A aludida “Nota Técnica”, elaborada pelo Departamento do Litoral e Proteção Costeira da Agência Portuguesa do Ambiente, I.P. e identificada como DLPC n.º 2/2015, apresenta as conclusões que se transcrevem:
“(…) 5. Conclusões
O sistema de ilhas-barreira da Ria Formosa caracteriza-se por uma intensa morfodinâmica de constantes variações naturais (migração dos areais e galgamentos oceânicos). Todas as suas unidades arenosas (península do Ancão, Ilha da Barreta, ilha da Culatra, Ilha da Armona, Ilha de Tavira, Ilha de Cabanas e península da Cacela) têm efetivamente génese aluvionar, sendo constituídas por areais mobilizados pela ação conjunta das ondas e correntes de maré.

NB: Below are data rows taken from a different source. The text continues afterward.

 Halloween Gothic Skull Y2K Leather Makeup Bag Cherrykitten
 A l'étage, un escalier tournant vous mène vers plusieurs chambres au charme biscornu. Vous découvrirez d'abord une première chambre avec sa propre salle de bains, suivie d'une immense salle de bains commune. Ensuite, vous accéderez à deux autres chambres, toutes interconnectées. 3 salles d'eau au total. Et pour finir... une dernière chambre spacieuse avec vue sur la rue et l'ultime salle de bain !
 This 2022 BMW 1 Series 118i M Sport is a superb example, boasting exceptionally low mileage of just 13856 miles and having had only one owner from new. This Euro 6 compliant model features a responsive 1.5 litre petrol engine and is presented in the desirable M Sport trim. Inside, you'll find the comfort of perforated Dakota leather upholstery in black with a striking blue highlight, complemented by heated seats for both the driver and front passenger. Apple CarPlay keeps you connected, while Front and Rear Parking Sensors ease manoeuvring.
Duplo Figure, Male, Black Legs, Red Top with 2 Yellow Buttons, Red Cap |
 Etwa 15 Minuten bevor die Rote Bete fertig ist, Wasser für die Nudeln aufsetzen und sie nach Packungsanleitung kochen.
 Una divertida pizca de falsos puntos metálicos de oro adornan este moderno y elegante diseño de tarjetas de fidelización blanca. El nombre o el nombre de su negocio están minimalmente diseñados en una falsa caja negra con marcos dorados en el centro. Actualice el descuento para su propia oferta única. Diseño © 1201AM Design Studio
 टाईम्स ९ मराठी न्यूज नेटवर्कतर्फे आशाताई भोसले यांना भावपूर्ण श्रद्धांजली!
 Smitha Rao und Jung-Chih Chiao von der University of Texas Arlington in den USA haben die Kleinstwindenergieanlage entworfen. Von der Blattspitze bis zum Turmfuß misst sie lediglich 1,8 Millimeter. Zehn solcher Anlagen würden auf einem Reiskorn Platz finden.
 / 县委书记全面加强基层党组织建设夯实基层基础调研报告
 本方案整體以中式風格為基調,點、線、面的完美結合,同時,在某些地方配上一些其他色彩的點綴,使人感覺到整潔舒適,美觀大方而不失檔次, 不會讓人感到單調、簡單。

Consequentemente, nos termos do disposto no artigo 10º, nº1 da Lei nº 54/2005, as ilhas-barreira devem ser consideradas, à face da lei, como parte integrante do leito das águas do mar e, por conseguinte, compreendidas no domínio público marítimo pertencente ao Estado: primeiro, porque são formadas por efeito de aluviões; e segundo, porque se modificam constantemente em virtude da dinâmica dos areais, acontecendo com frequência que tais ilhas sofrem importantes modificações morfológicas nos seus extremos, alternando fases de erosão com acumulação.”

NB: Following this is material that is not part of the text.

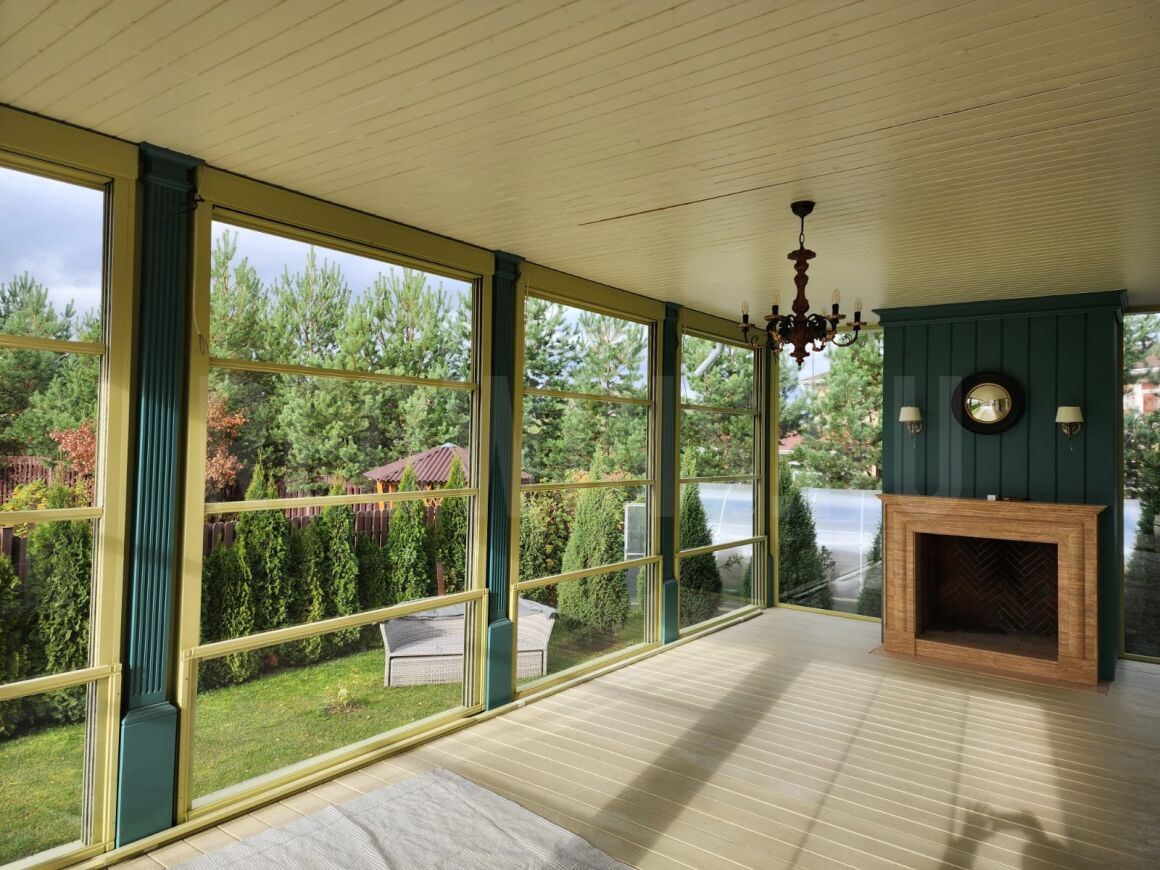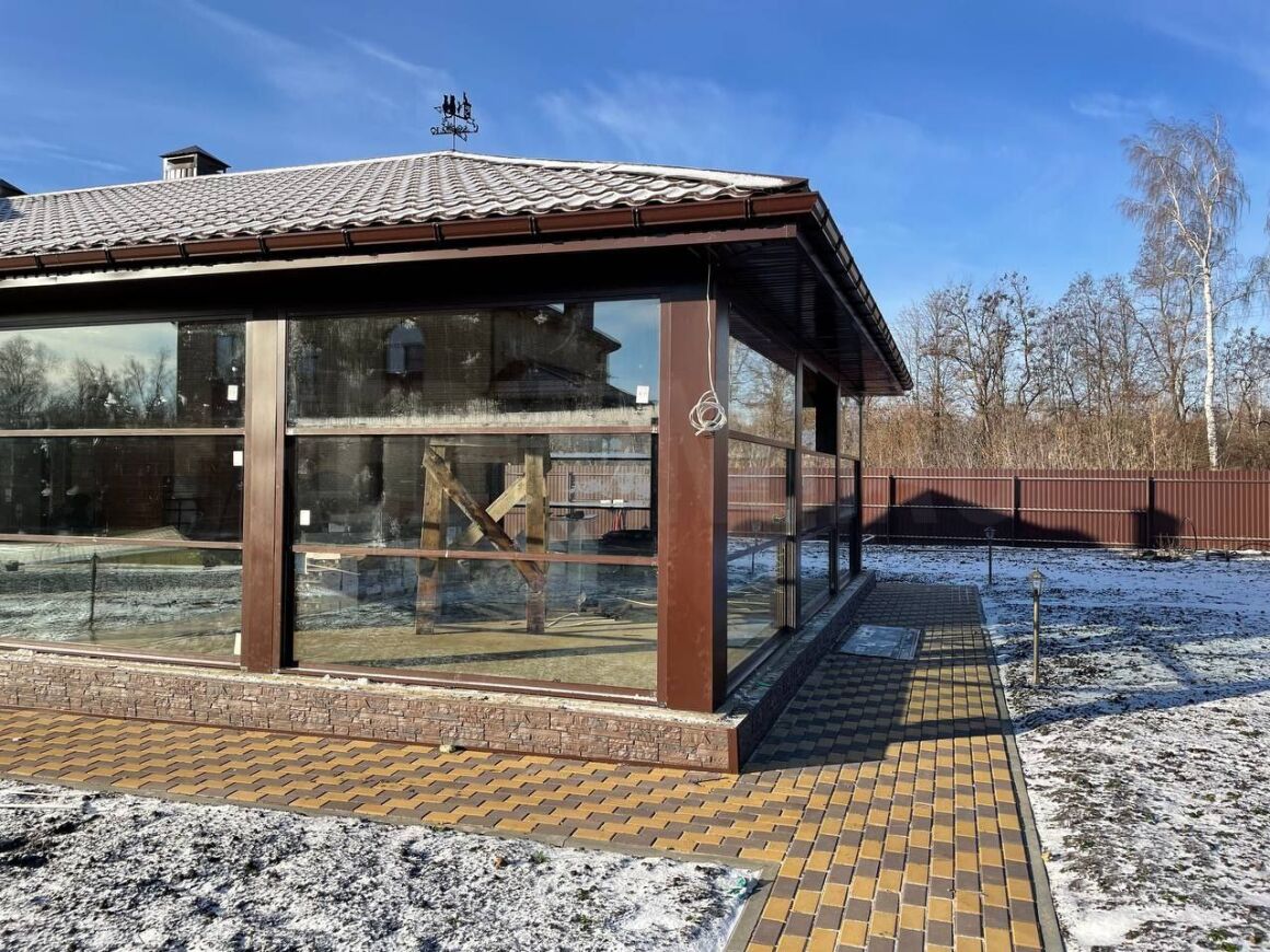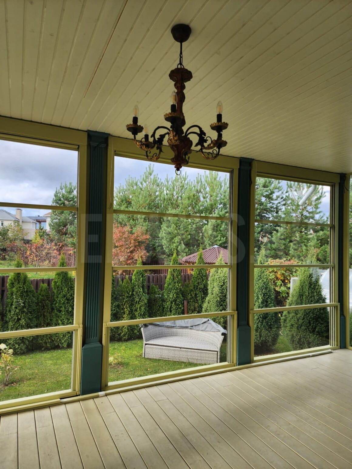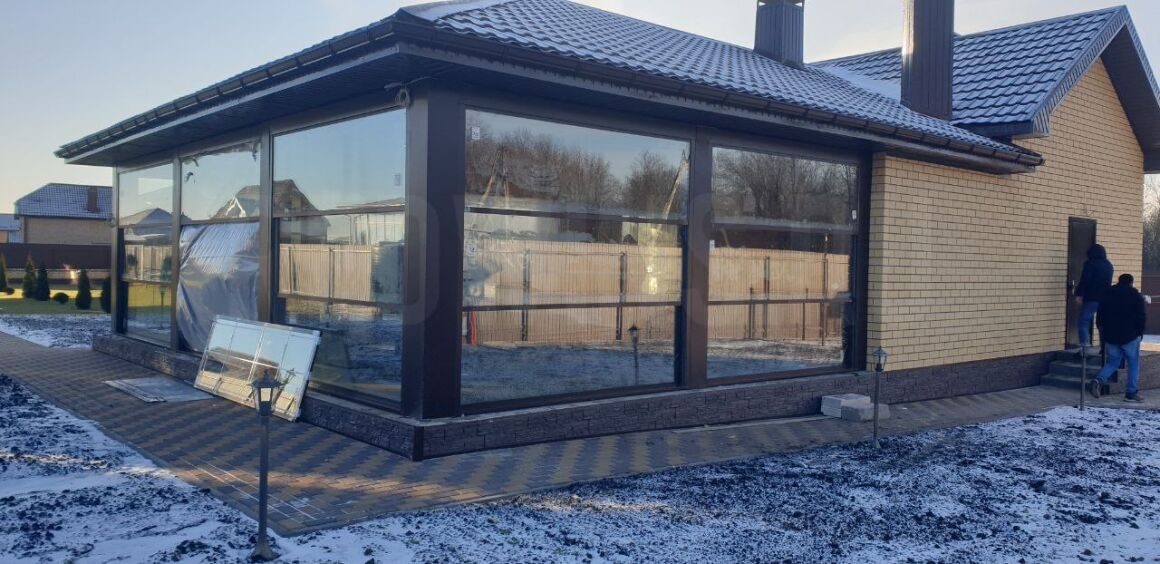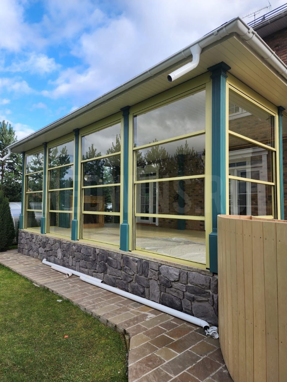 Гильотинное остекление террасы. Остекление подкрышной части нестандарных окон из алюминиевого профиля. Безрамное остекление типа «Книжка» торца.

Analisando o aludido documento, intitulado “CERTIDÃO”, verifica-se que o respetivo teor é extraído da supra mencionada “Nota Técnica”, identificada como DLPC n.º 2/2015, anexa à informação com o n.º I006057-201505 – DLPC, a qual mereceu a concordância do Presidente do Conselho Diretivo da Agência Portuguesa do Ambiente, I.P.. Tendo a certidão sido extraída do aludido documento, arquivado no instituto público em causa, e reproduzindo parte do respetivo teor, cumpre concluir que se trata de uma certidão de teor, nos termos previstos no artigo 383.º, n.º 1, do Código Civil, pelo que tem a força probatória do original.

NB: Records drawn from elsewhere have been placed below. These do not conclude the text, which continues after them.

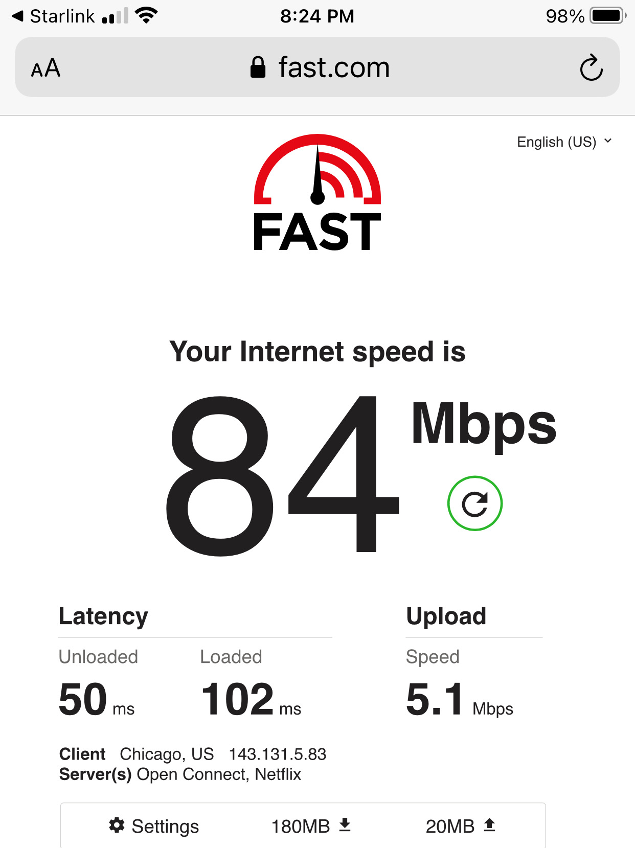 By the way, that 5 Mb iPhone photo just took 15 seconds to upload to Typepad, my blogging service. With DSL, I have to wait a couple of minutes for a photo to upload. At the moment Starlink has an upload speed of 5.1 Mbps, while our DSL usually is about .75 Mbps.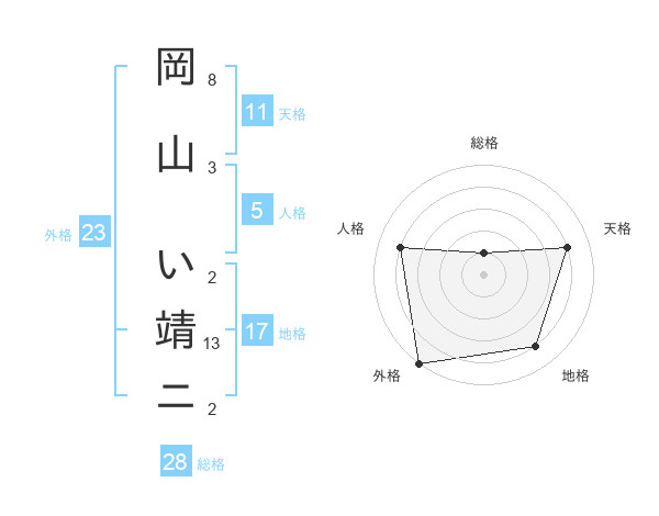 岡山 い靖ニさんを姓名の画数から五運を鑑定
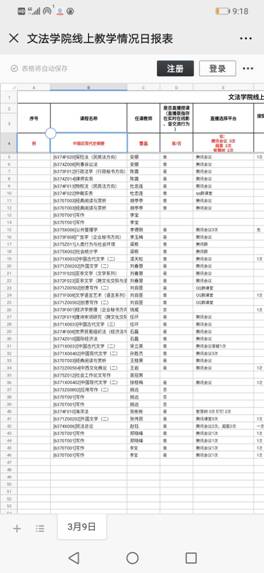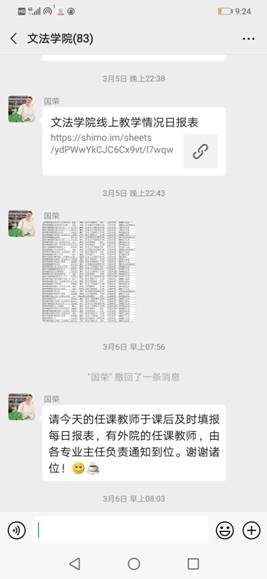 为提高线上教学质量,学院在工作群里以接龙的方式统计每日授课情况,内容包括学生出勤、教学资源、教学活动、存在问题、所需支持等。从汇总的线上教学日报表可以看出,开学第一周学院教学秩序井然。面对线上教学高峰时段网络拥堵的现象,教师们灵活应对,积极启动备用方案;学生出勤率高;对于老师和学生提出的问题,学院积极解答并给予解决措施。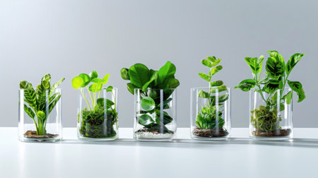 Assortment of vibrant green plants in glass cylinders against a soft purple backdrop. A diverse collection of flora, perfect for nature or botany themes.

Em anotação ao citado artigo 383.º, afirma José Lebre de Freitas (CÓDIGO CIVIL: Anotado, Coord. Ana Prata, volume I, Coimbra, Almedina, 2017, p. 471-472) que as certidões “são, na parte relativa à atestação da sua conformidade com o original, documentos autênticos”. Acrescenta o autor (loc. cit.) que “da sua natureza de cópia resulta que o problema da sua força probatória se coloca em dois planos: do das relações entre a cópia e o original (ou a cópia de onde aquela foi extraída: art. 384.º) e no das relações entre este e os factos por ele provados. No primeiro plano, a cópia prova, com força probatória plena, o teor do próprio original; no segundo, e em consequência, a cópia assume a força probatória do original”.
Não vem questionada, na apelação, a conformidade da certidão com o documento original, mas sim a força probatória deste último.
Porém, quanto à primeira questão, sempre se dirá que, tratando-se de uma certidão de teor – relativa à nota técnica, conjugada com a informação de serviço e o despacho que sobre a mesma incidiu –, não poderá o respetivo conteúdo extravasar a certificação da emissão do documento original, só nessa medida assumindo a forma probatória plena do original.
Em análise efetuada ao mesmo documento no âmbito de situação análoga, considerou-se, com relevo para a apreciação do caso presente, no acórdão desta Relação de 08-11-2018 (relatado pelo ora 2.º Adjunto), proferido no processo n.º 1003/16.9T8FAR.E1 (ainda não publicado no site oficial), o seguinte:
«Tratando-se de certidões de teor extraídas de documentos existentes em repartições públicas, têm a força probatória dos respectivos originais, nos termos do art.º 383º do Cód. Civ., não podendo as certidões extravasar os limites da sua certificação, ou seja ir para além do documento que certificam.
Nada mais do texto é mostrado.